[DIRECTIONS]: Every line below from the one with "Ηχογράφηση της εκδήλωσης" through the one with "主题 :008期:六合皇金句/老总论码/萧公子/林大师/五行夺码/老总信箱截 |" should be retyped exactly, both ends included; no other lines and no pictures.

[TASK MATERIAL]:
·····
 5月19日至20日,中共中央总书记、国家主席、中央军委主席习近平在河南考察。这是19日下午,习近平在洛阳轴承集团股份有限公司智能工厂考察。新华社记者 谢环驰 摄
·····
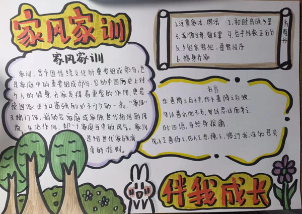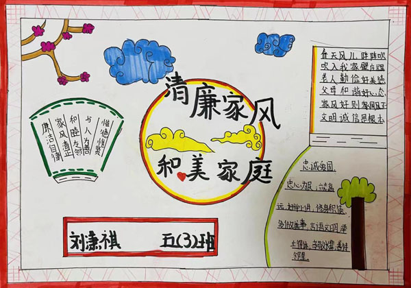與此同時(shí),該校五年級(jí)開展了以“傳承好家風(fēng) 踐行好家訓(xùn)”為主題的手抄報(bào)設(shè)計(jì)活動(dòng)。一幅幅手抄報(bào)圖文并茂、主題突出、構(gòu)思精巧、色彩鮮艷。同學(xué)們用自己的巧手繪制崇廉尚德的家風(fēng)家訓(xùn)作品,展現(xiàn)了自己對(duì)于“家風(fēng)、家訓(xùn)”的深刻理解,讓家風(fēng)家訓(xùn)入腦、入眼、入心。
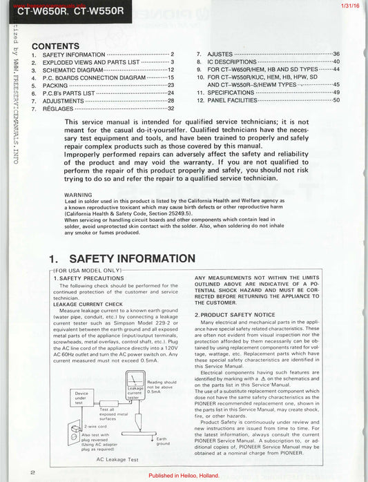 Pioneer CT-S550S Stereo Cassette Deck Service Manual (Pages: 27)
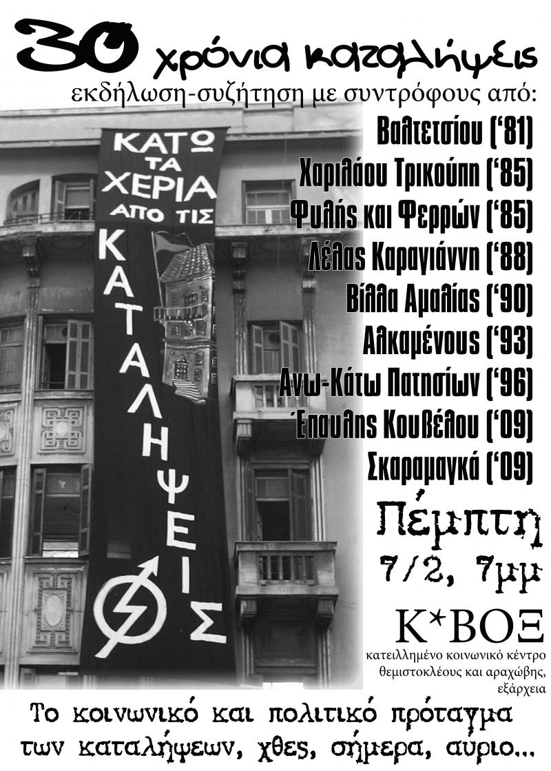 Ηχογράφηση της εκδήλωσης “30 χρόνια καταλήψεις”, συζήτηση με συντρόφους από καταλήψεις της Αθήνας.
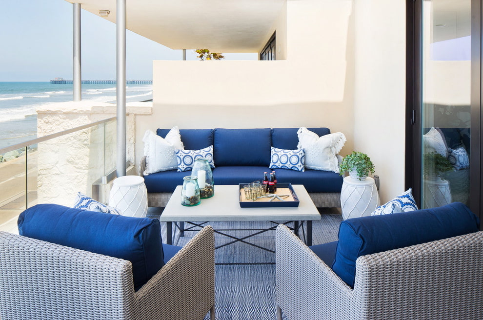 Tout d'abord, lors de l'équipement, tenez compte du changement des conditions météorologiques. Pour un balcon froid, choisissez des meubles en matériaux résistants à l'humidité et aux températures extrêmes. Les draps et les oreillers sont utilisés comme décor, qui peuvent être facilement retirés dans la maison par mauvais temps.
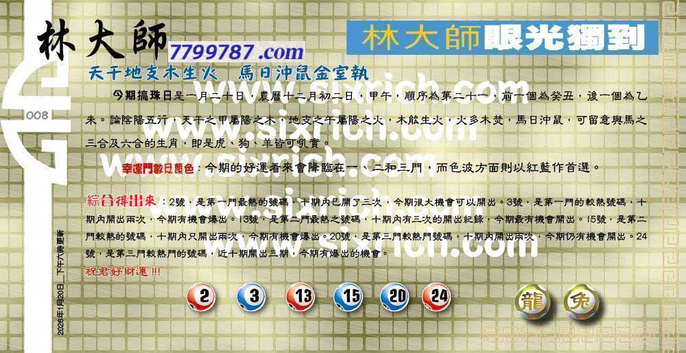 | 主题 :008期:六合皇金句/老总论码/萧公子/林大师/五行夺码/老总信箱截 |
·····
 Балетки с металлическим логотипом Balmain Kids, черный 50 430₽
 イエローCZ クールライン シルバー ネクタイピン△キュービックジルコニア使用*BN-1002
·····
[SOLUTION FOR THIS EXERCISE]:
 Ηχογράφηση της εκδήλωσης “30 χρόνια καταλήψεις”, συζήτηση με συντρόφους από καταλήψεις της Αθήνας.
 Tout d'abord, lors de l'équipement, tenez compte du changement des conditions météorologiques. Pour un balcon froid, choisissez des meubles en matériaux résistants à l'humidité et aux températures extrêmes. Les draps et les oreillers sont utilisés comme décor, qui peuvent être facilement retirés dans la maison par mauvais temps.
 | 主题 :008期:六合皇金句/老总论码/萧公子/林大师/五行夺码/老总信箱截 |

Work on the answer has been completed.